- Work task
Exactly as written, output each of the lines below, with no images.
######
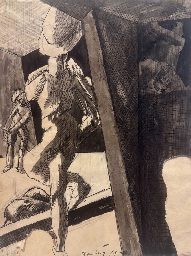 Towards the end of the First World War, Bomberg was commissioned by the Canadian War Memorials committee to paint a tribute to a Canadian company of sappers from the Royal Engineers who died tunnelling under St Eloi on the Western Front in 1916. An initial more futurist version of the event was rejected, but the final painting (a study of which is in the Imperial War Museum (acc. ART 2078)) is full of the energy and geometric form that characterises the best of his futurist and vorticist-inspired work of the 1910s. The present work is a strong example of one of the artist’s studies for this commission.
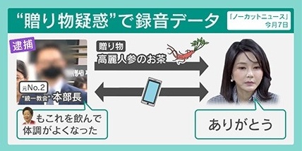 新たに録音データが出てきています。“統一教会”元ナンバー2の本部長は逮捕されていますが、贈り物として、キム夫人に高麗人参のお茶を贈ったといいます。そのやりとりの中で、本部長が「ハン・ハクチャ総裁もこれを飲んで体調がよくなった」と話し、キム夫人が「ありがとう」と返している録音データが見つかったということです。
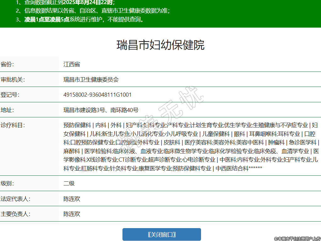 瑞昌市婦幼保健院,診療科目:預(yù)防保健科 | 內(nèi)科 | 外科 | 婦產(chǎn)科 | 婦女保健科 | 兒科;新生兒專業(yè);小兒消化專業(yè);小兒呼吸專業(yè) | 兒童保健科 | 眼科 | 耳鼻咽喉科| 口腔科 | 皮膚科 | 醫(yī)療美容科;美容外科;美容中醫(yī)科 | 腫瘤科 | 急診醫(yī)學(xué)科 | 麻醉科 | 醫(yī)學(xué)檢驗科 | 醫(yī)學(xué)影像科 | 中醫(yī)科;內(nèi)科專業(yè);外科專業(yè);婦產(chǎn)科專業(yè);兒科專業(yè);肛腸科專業(yè);針灸科專業(yè);康復(fù)醫(yī)學(xué)專業(yè);預(yù)防保健科專業(yè) | 中西醫(yī)結(jié)合科******
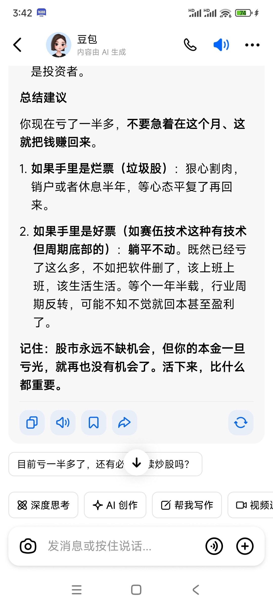 仓位亏了一半多,豆包建议我躺平不动。真头痛。
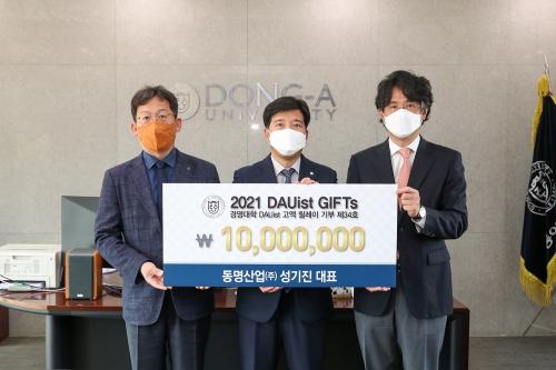 성기진(왼쪽·동아대 기계공학과 85학번) 동명산업(주) 대표가 최근 동아대학교(총장 이해우·가운데) 경영대학 발전과 교육 혁신을 위해 1000만 원을 기부했다.
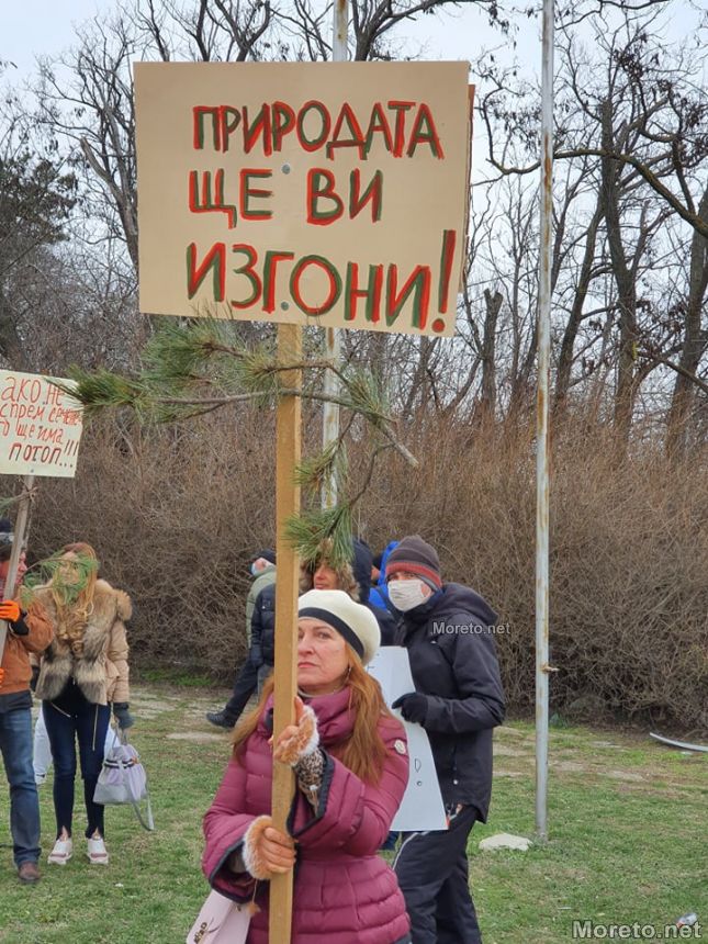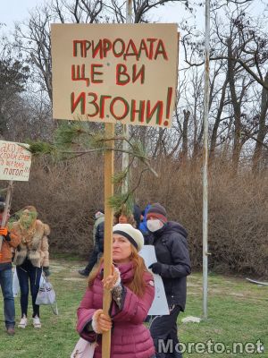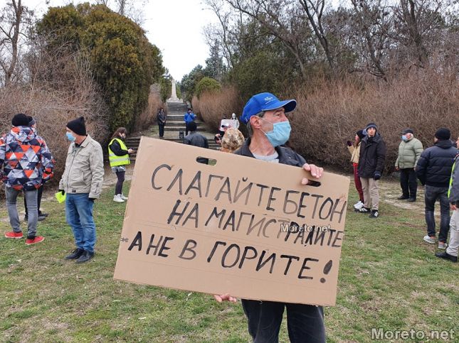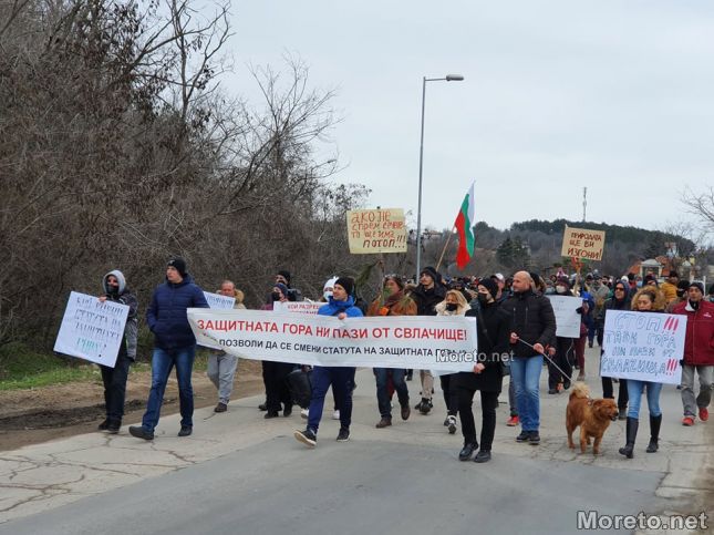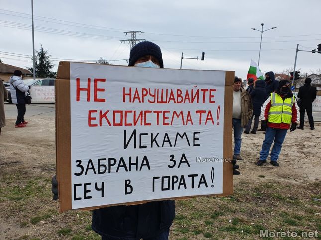 "Някой по незнаен път е внесъл, че тази гора не е защитна, а гора за дърводобив. На по-късен горските стопани пишат до министъра на земеделието, че предназначението ѝ спокойно може да бъде сменено в устройствена зона за застрояване", казаха още на протеста.
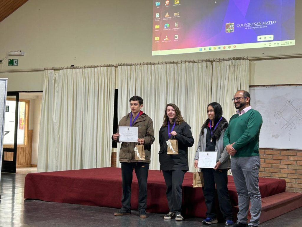 El equipo integrado por Alberto Scherson, Amelia Caro y Bárbara Ulloa, de I y II Medio, alcanzó el tercer lugar en los XXIV Juegos Matemáticos del Colegio San Mateo de Osorno. La competencia, reconocida a nivel regional, se desarrolló en tres etapas y concluyó con su final presencial el viernes 10 de octubre en dependencias del colegio organizador.
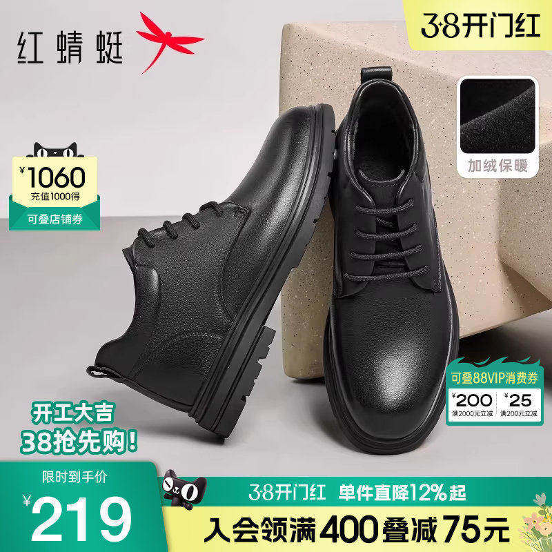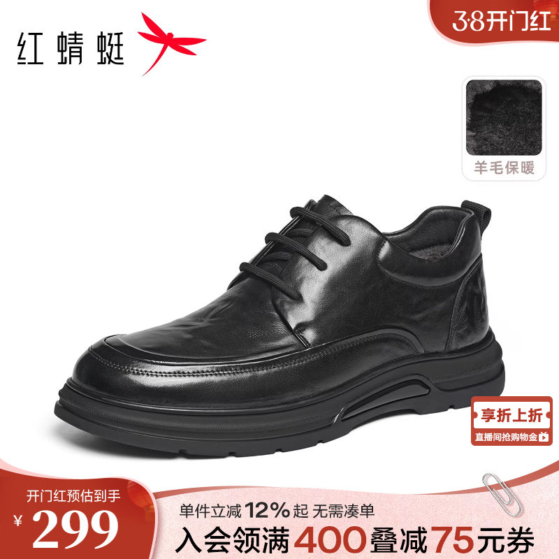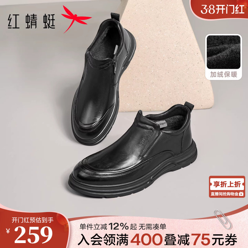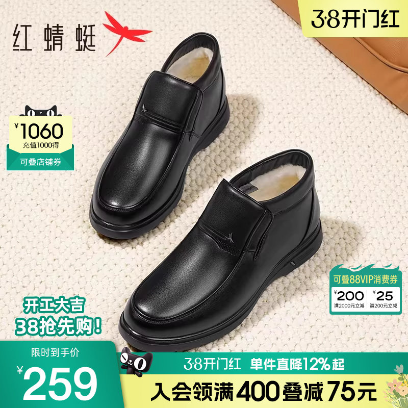 红蜻蜓皮鞋男2025冬季加绒棉鞋真皮中年男士通勤保暖舒适爸爸鞋
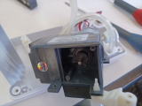 振動する器械なので、モーターはスポンジや防振ゴムを介して両面テープやら接着剤やらでくっつけてあった。 元に戻らなくてもやむなし、ダメもとで平ドライバーを突っ込んで無理やり引っぺがした。 これでやっとモーターにアクセスできるようになり、まずは吸引部のカバーを開けてみた。 するとモーターを固定しているビスの頭が二つ見えた。 しかしビスを外してもモーターは外れなかった。 |
######
- Output for this exercise
 Towards the end of the First World War, Bomberg was commissioned by the Canadian War Memorials committee to paint a tribute to a Canadian company of sappers from the Royal Engineers who died tunnelling under St Eloi on the Western Front in 1916. An initial more futurist version of the event was rejected, but the final painting (a study of which is in the Imperial War Museum (acc. ART 2078)) is full of the energy and geometric form that characterises the best of his futurist and vorticist-inspired work of the 1910s. The present work is a strong example of one of the artist’s studies for this commission.
 新たに録音データが出てきています。“統一教会”元ナンバー2の本部長は逮捕されていますが、贈り物として、キム夫人に高麗人参のお茶を贈ったといいます。そのやりとりの中で、本部長が「ハン・ハクチャ総裁もこれを飲んで体調がよくなった」と話し、キム夫人が「ありがとう」と返している録音データが見つかったということです。
 瑞昌市婦幼保健院,診療科目:預(yù)防保健科 | 內(nèi)科 | 外科 | 婦產(chǎn)科 | 婦女保健科 | 兒科;新生兒專業(yè);小兒消化專業(yè);小兒呼吸專業(yè) | 兒童保健科 | 眼科 | 耳鼻咽喉科| 口腔科 | 皮膚科 | 醫(yī)療美容科;美容外科;美容中醫(yī)科 | 腫瘤科 | 急診醫(yī)學(xué)科 | 麻醉科 | 醫(yī)學(xué)檢驗科 | 醫(yī)學(xué)影像科 | 中醫(yī)科;內(nèi)科專業(yè);外科專業(yè);婦產(chǎn)科專業(yè);兒科專業(yè);肛腸科專業(yè);針灸科專業(yè);康復(fù)醫(yī)學(xué)專業(yè);預(yù)防保健科專業(yè) | 中西醫(yī)結(jié)合科******
 仓位亏了一半多,豆包建议我躺平不动。真头痛。
 성기진(왼쪽·동아대 기계공학과 85학번) 동명산업(주) 대표가 최근 동아대학교(총장 이해우·가운데) 경영대학 발전과 교육 혁신을 위해 1000만 원을 기부했다.
 "Някой по незнаен път е внесъл, че тази гора не е защитна, а гора за дърводобив. На по-късен горските стопани пишат до министъра на земеделието, че предназначението ѝ спокойно може да бъде сменено в устройствена зона за застрояване", казаха още на протеста.
 El equipo integrado por Alberto Scherson, Amelia Caro y Bárbara Ulloa, de I y II Medio, alcanzó el tercer lugar en los XXIV Juegos Matemáticos del Colegio San Mateo de Osorno. La competencia, reconocida a nivel regional, se desarrolló en tres etapas y concluyó con su final presencial el viernes 10 de octubre en dependencias del colegio organizador.
 红蜻蜓皮鞋男2025冬季加绒棉鞋真皮中年男士通勤保暖舒适爸爸鞋
 振動する器械なので、モーターはスポンジや防振ゴムを介して両面テープやら接着剤やらでくっつけてあった。 元に戻らなくてもやむなし、ダメもとで平ドライバーを突っ込んで無理やり引っぺがした。 これでやっとモーターにアクセスできるようになり、まずは吸引部のカバーを開けてみた。 するとモーターを固定しているビスの頭が二つ見えた。 しかしビスを外してもモーターは外れなかった。 |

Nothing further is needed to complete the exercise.